Flink: Maintenance - TableManager + ExpireSnapshots #11144

pvary · 2024-09-16T07:39:46Z

TableManager builder implementation along with the first maintenance task to provide context.
https://docs.google.com/document/d/16g3vR18mVBy8jbFaLjf2JwAANuYOmIwr15yDDxovdnA/edit#heading=h.yd2vbtnf7z6w

pvary · 2024-09-16T07:43:09Z

@stevenzwu: This PR become quite sizeable. I still think that it is better to keep it as one to provide context for some of the decisions made during the definition of the MaintenanceTaskBuilder.

If you have time we could discuss offline the review strategy, and whether to split this PR to smaller ones.

Thanks,
Peter

stevenzwu · 2024-09-16T16:39:57Z

.../flink/src/main/java/org/apache/iceberg/flink/maintenance/stream/MaintenanceTaskBuilder.java

+import org.apache.iceberg.flink.maintenance.operator.TriggerEvaluator;
+import org.apache.iceberg.relocated.com.google.common.base.Preconditions;
+
+public abstract class MaintenanceTaskBuilder<T extends MaintenanceTaskBuilder> {


should this be marked as @Internal or even package private?

Do we want to allow the users to create their own maintenance tasks?

Let's keep this package private first so that it is easier to evolve the class especially during early stages.

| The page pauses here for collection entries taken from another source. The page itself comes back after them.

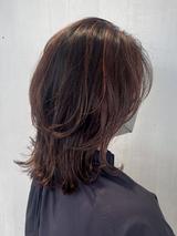 最初にご紹介するのは、暖色ブラウンが映えるレイヤーミディ。毛先をワンカールでまとめ、筋感を残しながら動きを出しています。全体に柔らかな艶があり、程よく華やかな印象に。軽やかさの中にも落ち着きを感じるスタイルで、毎日のヘアセットが楽しくなりそうです。
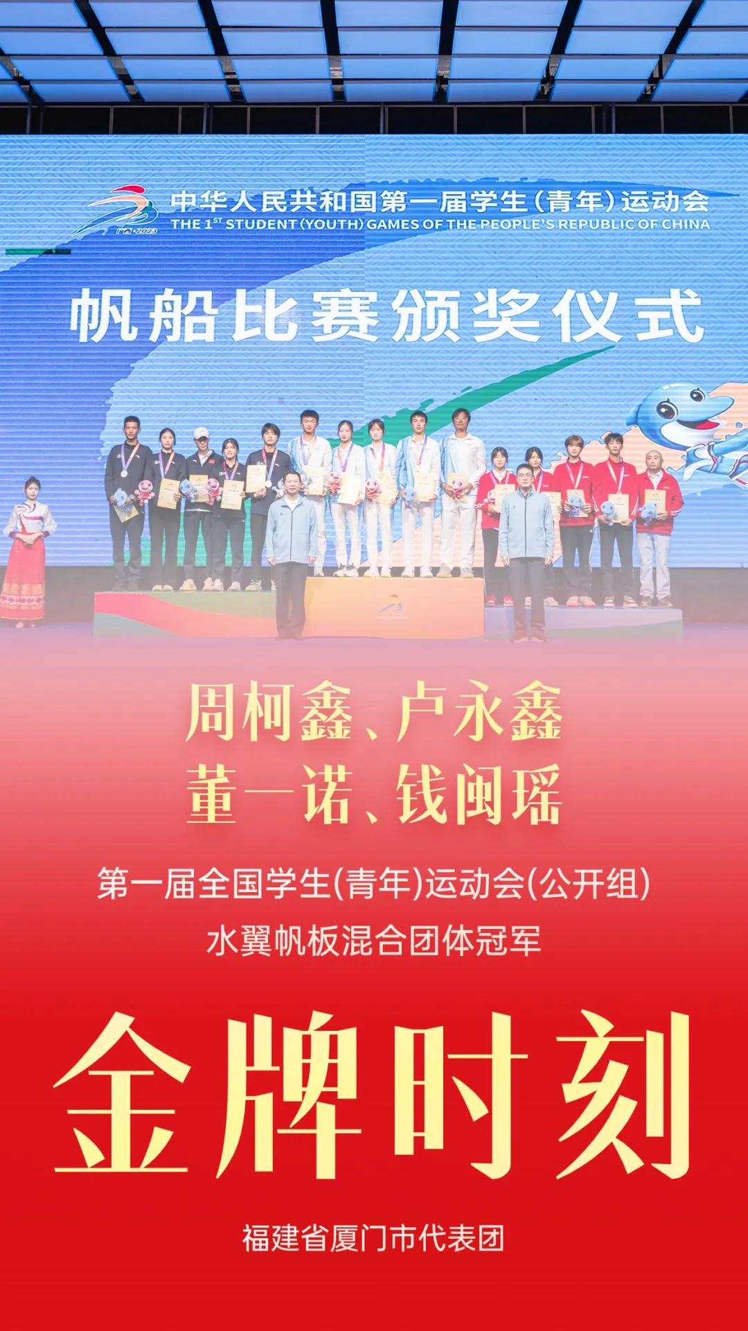 11月13日,在第一届全国学生(青年)运动会(公开组)帆板比赛项目中,代表福建省厦门市参赛的运动员周柯鑫、卢永鑫、董一诺、钱闽瑶夺得水翼帆板混合团体冠军,这也是福建在本届学青会(公开组)取得的第31枚金牌。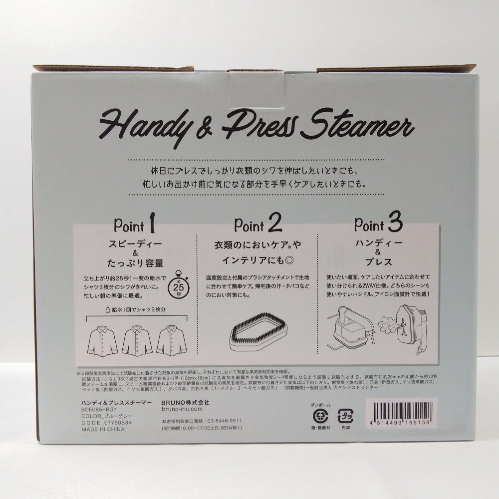 B25-2037【開封済/未使用】BRUNO ブルーノ BOE085-BGY ハンディ&プレススチーマー ブルーグレー 2WAY衣類スチーマー ※通電確認済
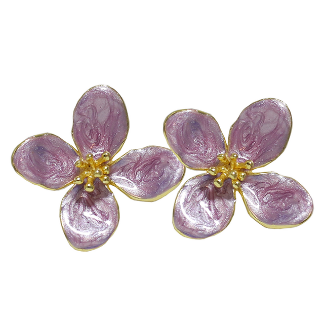 Boucles d'oreilles enora en bronze en forme d’hibiscus violet.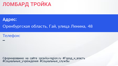 ЛОМБАРД ТРОЙКА по адресу Оренбургская область, Гай, улица Ленина, 48 в дальнейшем Организация, размещена в следующих категориях: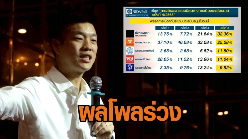 'เท้ง' เผยหลังผลโพลร่วง ชี้เลือกตั้ง 69 ตัดสินอนาคตประเทศ มั่นใจปชช.เห็นผลงานที่ผ่านมาแม้เป็นฝ่ายค้าน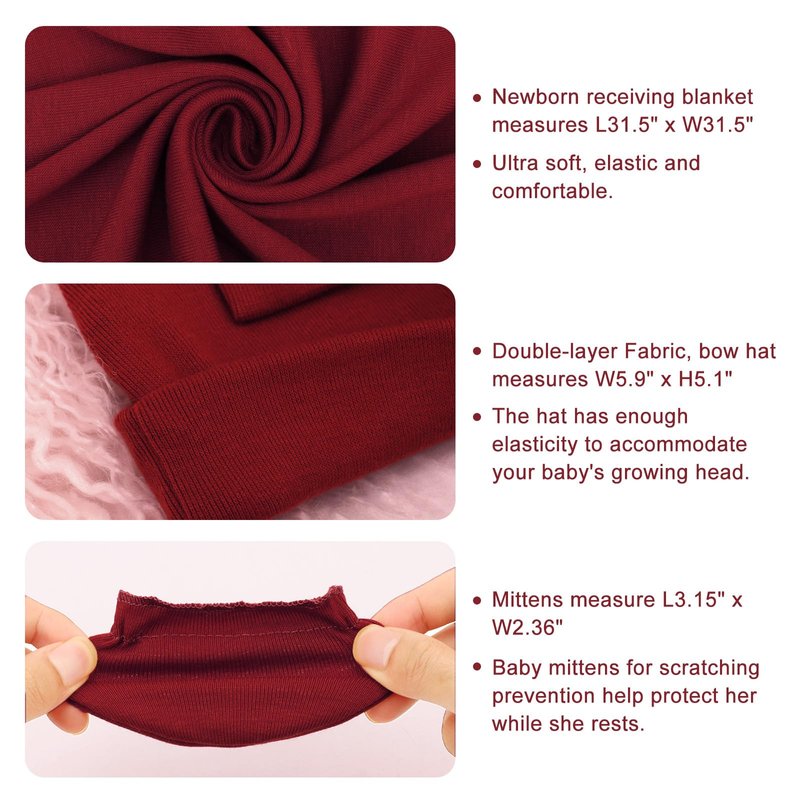 - Color: 1 Set Plain: Bow Hat + Mitten + Blanket (Burgundy)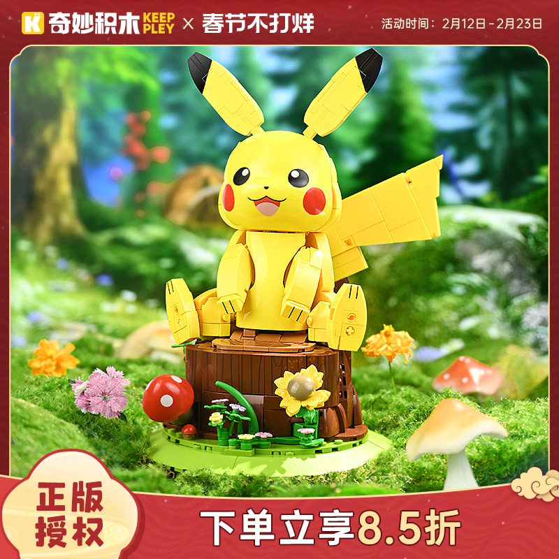 📚 奇妙积木Keeppley宝可梦联名积木乖巧皮卡丘拼装摆件礼物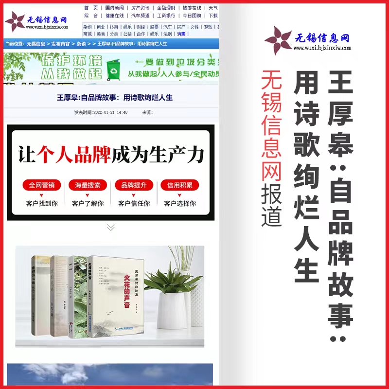 嘉兴在线报道:江苏省特级教师【王厚皋】先生——自品牌故事:用诗歌绚烂人生!自品牌故事让个人品牌成为生产力,全网营销个人信息、海量搜索个人信息、个人品牌提升、个人信用积累。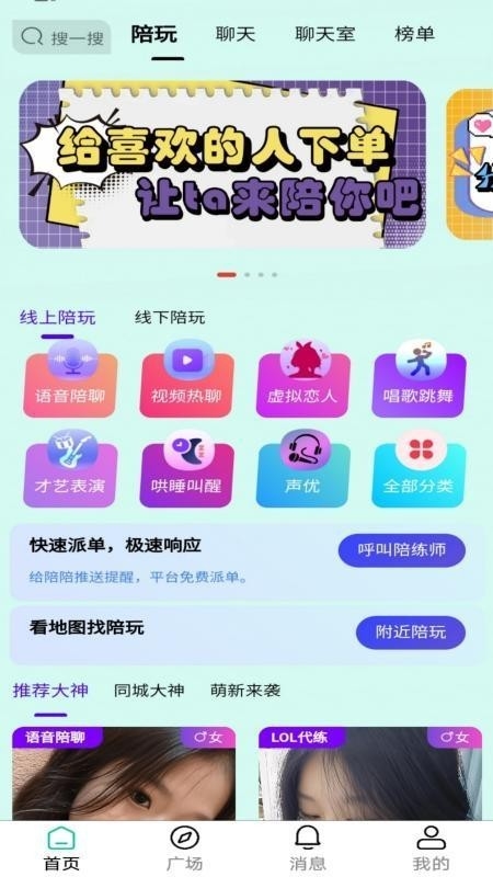 2、根据自身需求选择不同类型的陪玩服务,还能快速派单,平台会免费推送提醒。

when there is real need in the future, we can always make it public then.

Let's mark it experimental then. I definitely would like to provide a way for the users to extend the maintenance tasks.

I am not saying we shouldn't. but it is usually good to keep them private first so that we are free to evolve the class. Maybe wait until the need is clear.

Use Spark as an example. the BaseSparkAction is package private.

This API is a single abstract DataStream<TaskResult> append(DataStream<Trigger> sourceStream); method.
I don't expect big changes here.

not just append. there are a lot of public methods in this class.

If we have any doubt if users would implement extensions from this class, we can delay the decision until real ask came forward. it is trivial to make a private class public. But once a class is public, it is more difficult to change/evolve the contract.

The public methods are public API anyways...
These are the ones which will be called by the users when they are scheduling the MaintenanceTasks...

...k/v1.20/flink/src/main/java/org/apache/iceberg/flink/maintenance/stream/ExpireSnapshots.java

stevenzwu · 2024-09-16T20:53:29Z

...k/v1.20/flink/src/main/java/org/apache/iceberg/flink/maintenance/stream/ExpireSnapshots.java

+     * @param newPlanningWorkerPoolSize for planning files to delete
+     * @return for chained calls
+     */
+    public Builder planningWorkerPoolSize(int newPlanningWorkerPoolSize) {


should we design it like RemoveSnapshots? one benefit is to use the default ThreadPools.getWorkerPool()/getDeleteWorkerPool() to reuse thread pools in the JVM.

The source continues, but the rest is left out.